# [INSTRUCTIONS FOR THE TASK]
Scan the records for the line containing "Nàng dâu Việt". From there through the last line, write out each line exactly.

# [ENTRIES SUPPLIED]
________

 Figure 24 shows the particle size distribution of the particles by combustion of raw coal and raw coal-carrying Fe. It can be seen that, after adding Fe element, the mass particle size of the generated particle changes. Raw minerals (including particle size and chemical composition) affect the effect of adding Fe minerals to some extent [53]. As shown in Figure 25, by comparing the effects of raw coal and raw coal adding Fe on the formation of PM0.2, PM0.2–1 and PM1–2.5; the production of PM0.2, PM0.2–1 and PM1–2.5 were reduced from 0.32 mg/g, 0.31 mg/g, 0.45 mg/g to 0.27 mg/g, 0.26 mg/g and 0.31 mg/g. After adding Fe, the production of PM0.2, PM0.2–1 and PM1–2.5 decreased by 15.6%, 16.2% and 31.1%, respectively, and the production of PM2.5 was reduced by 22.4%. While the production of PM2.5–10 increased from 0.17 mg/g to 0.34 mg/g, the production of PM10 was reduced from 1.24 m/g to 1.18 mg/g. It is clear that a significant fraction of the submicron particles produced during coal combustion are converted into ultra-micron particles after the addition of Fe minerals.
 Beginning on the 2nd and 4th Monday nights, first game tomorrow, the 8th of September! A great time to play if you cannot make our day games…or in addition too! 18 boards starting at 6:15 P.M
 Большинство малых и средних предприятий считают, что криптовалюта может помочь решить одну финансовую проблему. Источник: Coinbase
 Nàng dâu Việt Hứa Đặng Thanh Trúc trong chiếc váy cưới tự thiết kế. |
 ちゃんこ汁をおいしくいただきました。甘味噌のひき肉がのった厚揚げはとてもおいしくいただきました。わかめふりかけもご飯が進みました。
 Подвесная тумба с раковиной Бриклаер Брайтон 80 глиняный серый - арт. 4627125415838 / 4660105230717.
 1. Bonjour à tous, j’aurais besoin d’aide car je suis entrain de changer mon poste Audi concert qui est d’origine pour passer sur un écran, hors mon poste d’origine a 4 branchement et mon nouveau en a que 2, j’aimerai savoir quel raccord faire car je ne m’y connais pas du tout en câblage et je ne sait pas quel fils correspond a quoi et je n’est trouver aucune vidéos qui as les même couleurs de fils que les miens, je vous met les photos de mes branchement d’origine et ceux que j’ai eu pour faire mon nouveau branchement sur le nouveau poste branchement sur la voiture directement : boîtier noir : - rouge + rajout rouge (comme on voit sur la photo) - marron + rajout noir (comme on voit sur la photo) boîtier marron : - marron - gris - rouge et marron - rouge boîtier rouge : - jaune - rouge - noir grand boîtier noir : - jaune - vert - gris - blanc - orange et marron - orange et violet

________

# [RESPONSE BOX]
 Nàng dâu Việt Hứa Đặng Thanh Trúc trong chiếc váy cưới tự thiết kế. |
 ちゃんこ汁をおいしくいただきました。甘味噌のひき肉がのった厚揚げはとてもおいしくいただきました。わかめふりかけもご飯が進みました。
 Подвесная тумба с раковиной Бриклаер Брайтон 80 глиняный серый - арт. 4627125415838 / 4660105230717.
 1. Bonjour à tous, j’aurais besoin d’aide car je suis entrain de changer mon poste Audi concert qui est d’origine pour passer sur un écran, hors mon poste d’origine a 4 branchement et mon nouveau en a que 2, j’aimerai savoir quel raccord faire car je ne m’y connais pas du tout en câblage et je ne sait pas quel fils correspond a quoi et je n’est trouver aucune vidéos qui as les même couleurs de fils que les miens, je vous met les photos de mes branchement d’origine et ceux que j’ai eu pour faire mon nouveau branchement sur le nouveau poste branchement sur la voiture directement : boîtier noir : - rouge + rajout rouge (comme on voit sur la photo) - marron + rajout noir (comme on voit sur la photo) boîtier marron : - marron - gris - rouge et marron - rouge boîtier rouge : - jaune - rouge - noir grand boîtier noir : - jaune - vert - gris - blanc - orange et marron - orange et violet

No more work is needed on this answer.